J’ai consacré une part de mon œuvre à expliquer en quoi ce tournant fut radical. Je l’ai fait sans l’érudition de Raul Hilberg. Sans la sainte patience de Serge Klarsfeld. Je l’ai fait sans la force presque inhumaine de Claude Lanzmann, cet Orphée juif qui a pris le risque d’aller, non pas une, ni deux, mais maintes fois, « vainqueur traverser l’Achéron » pour y chercher, sans se retourner, son Eurydice aux 6 millions de visages. Mais je l’ai fait en philosophe. Et j’ai établi, je crois, ce que la Shoah eut, dans l’histoire des génocides, d’irréductiblement singulier. Pas le nombre de ses morts. Pas la froide technicité de la machine à tuer telle que Martin Heidegger, en mage noir, la caractérisera. Même pas sa cruauté. Non. Trois traits. La Shoah fut sans recours : l’Europe et, en théorie, la planète, tel un piège pour le gibier juif pourchassé par la battue mondiale. Sans reste : hommes, femmes, enfants, leurs lieux de prière et leurs livres, jusqu’à la mémoire de leur existence, tout devait disparaître, tout. Sans nombre, sans noms, sans tombes : on ne compte pas la crasse, n’est-ce pas ? on ne nomme pas les bactéries ? la spécificité diabolique du crime nazi fut qu’en même temps qu’on rayait les victimes du livre des vivants on les rayait du livre des morts…
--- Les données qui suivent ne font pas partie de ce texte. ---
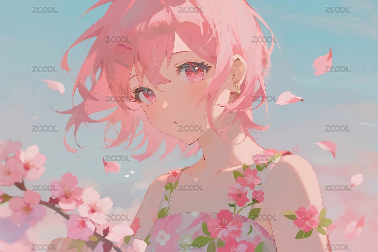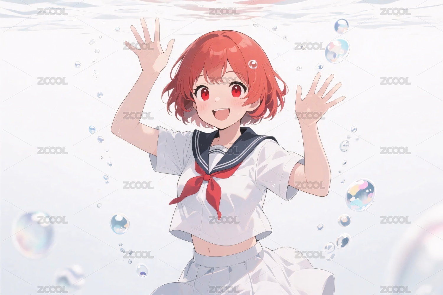 水下,女孩,插画,漫画,矢量,海洋,粉色头发,蓝色眼睛,羽毛,泡泡

D’autant que, repensant à ces trois discours, prononcés en presque un demi-siècle, je mesure le chemin parcouru. Ces fameux « négationnistes » qui nous faisaient alors si peur ; leur façon de dire qu’il ne s’était rien passé à Auschwitz et que l’on n’y avait, comme à Hiroshima, rien vu ; le monstrueux redoublement du crime dont nous redoutions qu’il ne fasse école et loi ; eh bien cela ne s’est pas produit ; les faussaires ont été tenus en respect ; la honte monstrueuse que la Shoah doit inspirer ne s’est, en Europe, pas éteinte ; et il n’y a, même pour les Juifs, pas que des batailles perdues ! Et puis le travail même de la mémoire ; cette idée d’une mémoire semblable à une mine de souvenirs qui, à mesure que l’on s’éloignerait de l’événement, irait s’épuisant, s’amenuisant, pâlissant ; eh bien ce n’est pas ainsi, en fin de compte, que cela fonctionne ; et c’est Simone Veil qui avait raison – on commence par ne rien vouloir savoir ; on refuse d’écouter la survivante ; et c’est au fil du temps, grâce aux efforts des « horribles travailleurs » nietzschéens, qu’une mémoire finit par se construire et par surmonter la volonté d’ignorer.Et puis j’ai dit, au Mémorial, une dernière chose. Ces morts ne sont, certes, pas enterrés. Ils ne connaissent pas de repos, contrairement à la promesse faite aux fils d’Adam que la terre, adama, leur offrirait toujours une sépulture. Ils n’ont pas de pyramides, de tombeaux éternels comme les grands morts de l’Égypte primordiale. Ils n’ont pas été momifiés, ils ont été gazés. Ils n’ont pas été embaumés, ils ont été brûlés. Ils n’ont pas été parfumés, mais transformés en chair carbonisée, âcre, malodorante. Mais les Juifs, en même temps, ne sont pas du camp de la mort. Ils ne sont pas du camp des embaumés et des momies. Leur acte de naissance a été de s’arracher à lui, ce camp, et à sa civilisation qui avait la mort pour secret. Et leur vraie vocation est, une fois leurs morts remémorés et accueillis dans leur sein de vivants, de faire que la vie reprenne sa position dans le camp d’Israël ; qu’Israël reprenne la sienne dans un monde où la mort règne en maîtresse ; et qu’il en aille de ce secret génie qui leur est propre comme de l’arbre éternel caché par un ange de feu dont le glaive tournoie et vers lequel, pourtant, il faut aller joyeusement. Nous étions nombreux, ce matin-là, à le savoir.